RIO DE JANEIRO (AP) — Brazil’s Workers’ Party on Tuesday replaced jailed former President Luiz Inacio Lula da Silva as its candidate for October’s general election, clarifying one of the biggest question marks hanging over…
RIO DE JANEIRO (AP) — Brazil’s Workers’ Party on Tuesday replaced jailed former President Luiz Inacio Lula da Silva as its candidate for October’s general election, clarifying one of the biggest question marks hanging over the vote to lead Latin America’s largest nation.
The party confirmed the move after a meeting of its executive committee in the southern city of Curitiba, where da Silva is jailed.

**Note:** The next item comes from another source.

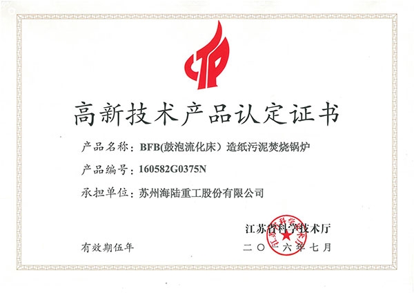 近日,公司收到江蘇省科學技術廳頒發的高新技術產品認定證書, 我公司的研制BFB(鼓泡流化床)造紙污泥焚燒鍋爐獲省高新技術產品認定。該產品主要用于造紙廠處理污泥工藝流程中,將造紙污泥干化后摻煤燃燒,解決污泥廢物處置問題,同時對污泥焚燒過程產生的熱量進行回收,產生次高壓蒸汽用于發電或造紙工藝循環利用,實現了環境污染治理與資源循環利用并舉。

Fernando Haddad, a former Sao Paulo mayor, will lead the ticket and be joined by Manuela D’Avila, a member of Brazil’s Communist Party.

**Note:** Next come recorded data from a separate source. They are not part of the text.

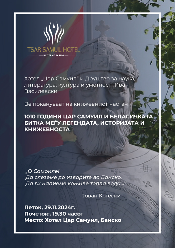 Во организација на хотел „Цар Самуил“ и Друштво за наука, литература, култура и уметност „Иван Василевски“, во петок (29 ноември) со почеток во 19:30 часот во хотелот „Цар Самуил“ во Банско ќе се одржи книжевен настан „1010 години Цар Самул и Беласичката битка меѓу легендата, историјата и книжевноста“.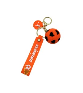 Piłka sportowa w kolorze czarno pomarańczowym. Brelok z ozdobną dodatkową smyczką.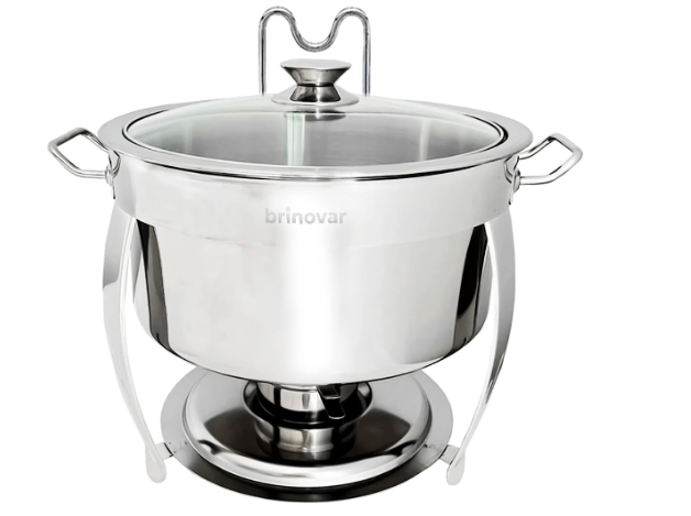 Sugestão de uso: Rechaud ideal para ser utilizado em festas em geral, mantendo a comida aquecida e no ponto perfeito de ser servida. Esse modelo de rechaud é usado para servir variações de arroz e feijão, saladas, massas, carnes e entre outras opções.

The move, while long expected, was an acknowledgement that the party could not get da Silva, who Brazilians universally call Lula, on the ballot despite numerous attempts in the courts.

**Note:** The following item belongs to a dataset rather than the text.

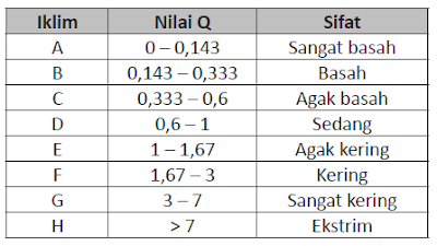 Klasifikasi iklim Schmidt-Ferguson mengukur dari jumlah bulan kering dan bulan basah sehingga rumusnya jumlah bulan kering di bagi dengan jumlah bulan basah di kali 100%.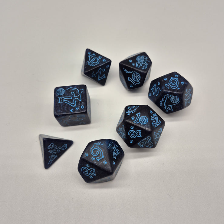 Elevate your gaming experience with this extra large dice set featuring unique cat-themed design in a variety of vibrant color combinations.

“The struggle has just begun. Let’s go, Haddad! Haddad is Lula!” the Workers’ Party Twitter account said. “He was a Lula minister, he is a Lula attorney and best of all: he is a friend of Lula’s.”
The political science professor turned education minister and later politician met with da Silva Tuesday after the decision, then delivered his first speech as the candidate in front of hundreds of supporters in front the federal police building where da Silva is jailed.
“I feel the pain of many Brazilians who won’t be able to vote for who they want,” said Haddad, standing next to D’Avila and other Workers’ Party heavyweights. “But now is not the time to have your head down.”
Da Silva is serving a 12-year sentence for trading favors with construction company Grupo OAS for the promise of a beachfront apartment. The former president, who governed between 2003 and 2010, has always denied wrongdoing, arguing this case and several others pending against him are meant to keep him off the ballot.
Da Silva led polls for more than a year, but his candidacy was recently barred by the country’s top electoral court. The court gave the party until Tuesday to replace da Silva.
In a lengthy letter distributed by the Workers’ Party, da Silva recounted what he called “lies and persecution” that he and his family had suffered and urged supporters to vote for Haddad.
“Today and going forward, Fernando Haddad will be Lula for millions of Brazilians,” wrote da Silva.
The strategy of holding on to da Silva’s candidacy until the absolute last minute caused much internal fighting within the party. Many believed that leaving Haddad so little time to present his case to voters was risky, while others thought it was best to keep da Silva front and center as long as possible.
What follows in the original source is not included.